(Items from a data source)
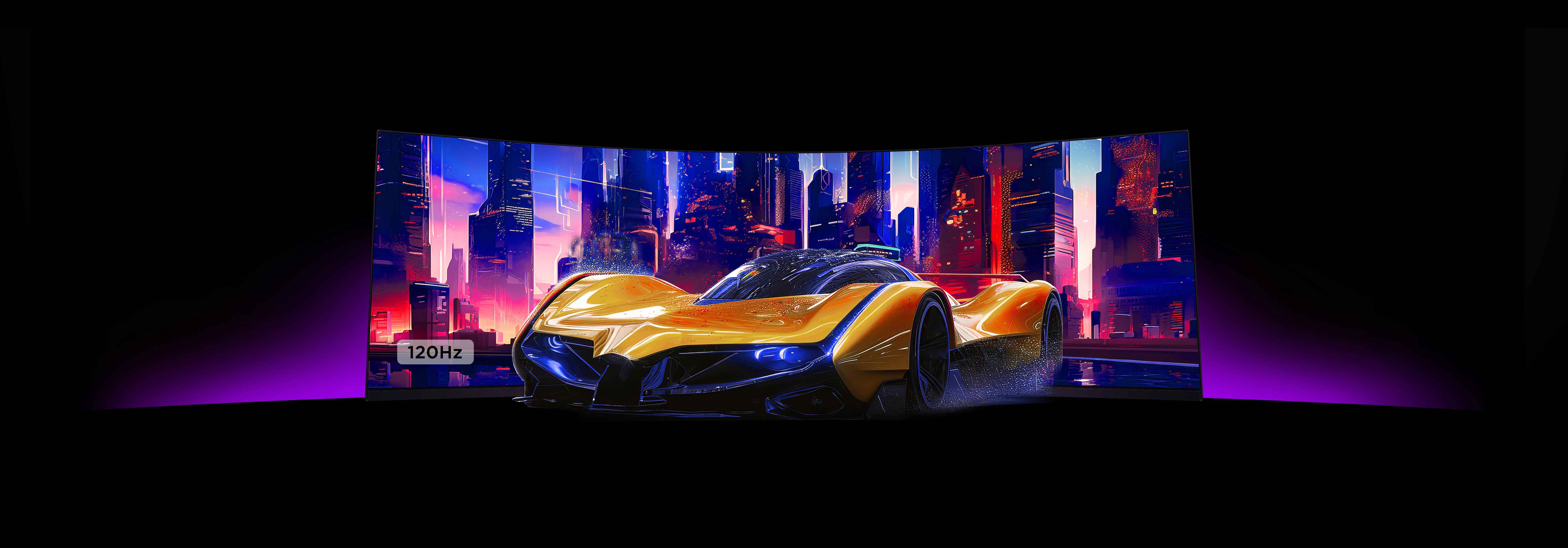 人間の視野に近い「1000R」のゴールデンカーブが、最大120°の視野角を実現。両目の自然な視線移動に沿ったカーブで、映像に包まれるような没入体験を提供します。
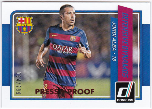 ジョルディ・アルバ 2015 Panini Donruss Defensive Dynamos Bronze Press Proof 034/299 Jordi Alba
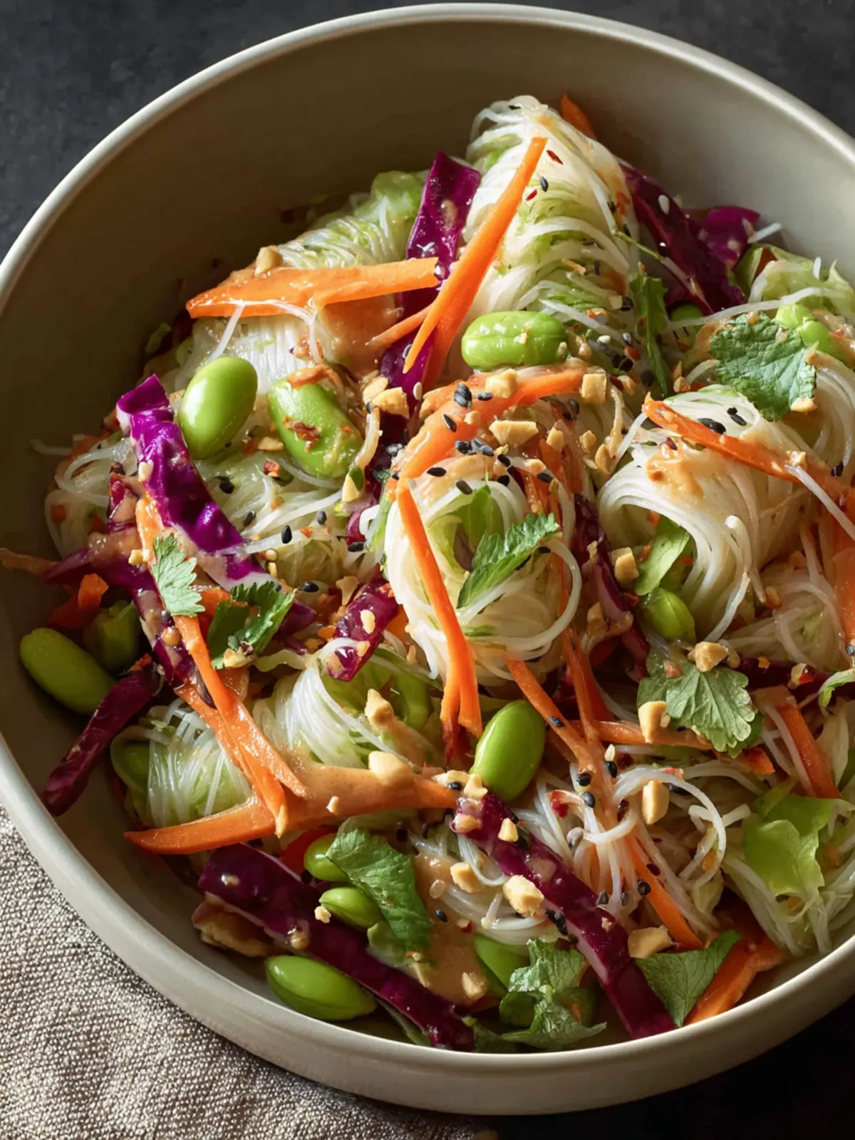 3. Combine the noodles, vegetables, herbs, edamame, and peanuts in a large bowl.
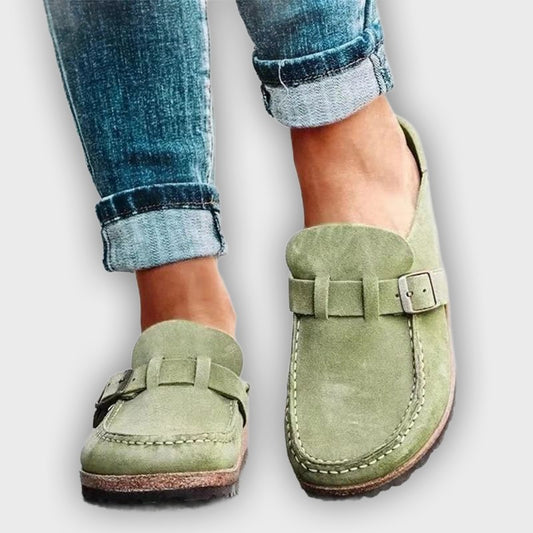 Tessa Women’s Mule Sandals – Suede Look – Buckle Strap – Low Heel
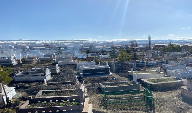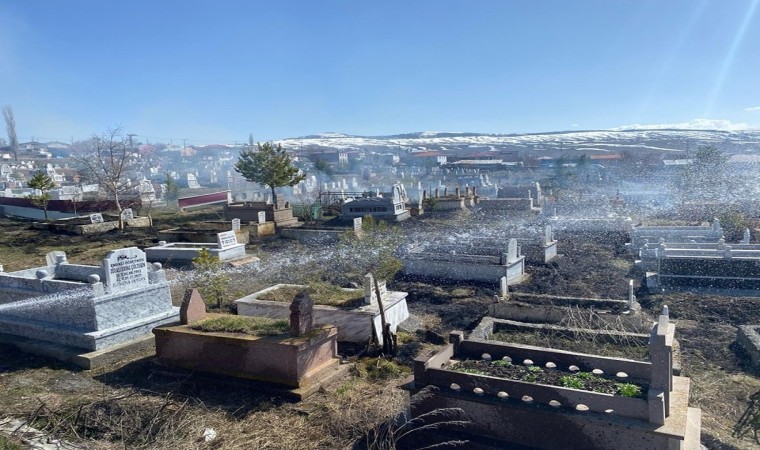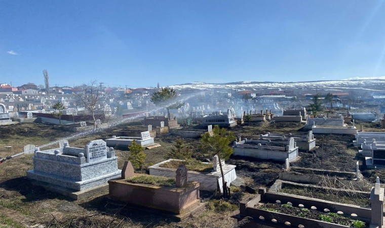 Yangının çıktığı mezarlık alanının bir kısmı küle dönerken, konuya ilişkin inceleme başlatıldı.

■ **DESCRIPTION OF THE TASK**
Exclude all images and restate the records above word for word.

■ **PROBLEM SOLUTION**
 人間の視野に近い「1000R」のゴールデンカーブが、最大120°の視野角を実現。両目の自然な視線移動に沿ったカーブで、映像に包まれるような没入体験を提供します。
 ジョルディ・アルバ 2015 Panini Donruss Defensive Dynamos Bronze Press Proof 034/299 Jordi Alba
 3. Combine the noodles, vegetables, herbs, edamame, and peanuts in a large bowl.
 Tessa Women’s Mule Sandals – Suede Look – Buckle Strap – Low Heel
 Yangının çıktığı mezarlık alanının bir kısmı küle dönerken, konuya ilişkin inceleme başlatıldı.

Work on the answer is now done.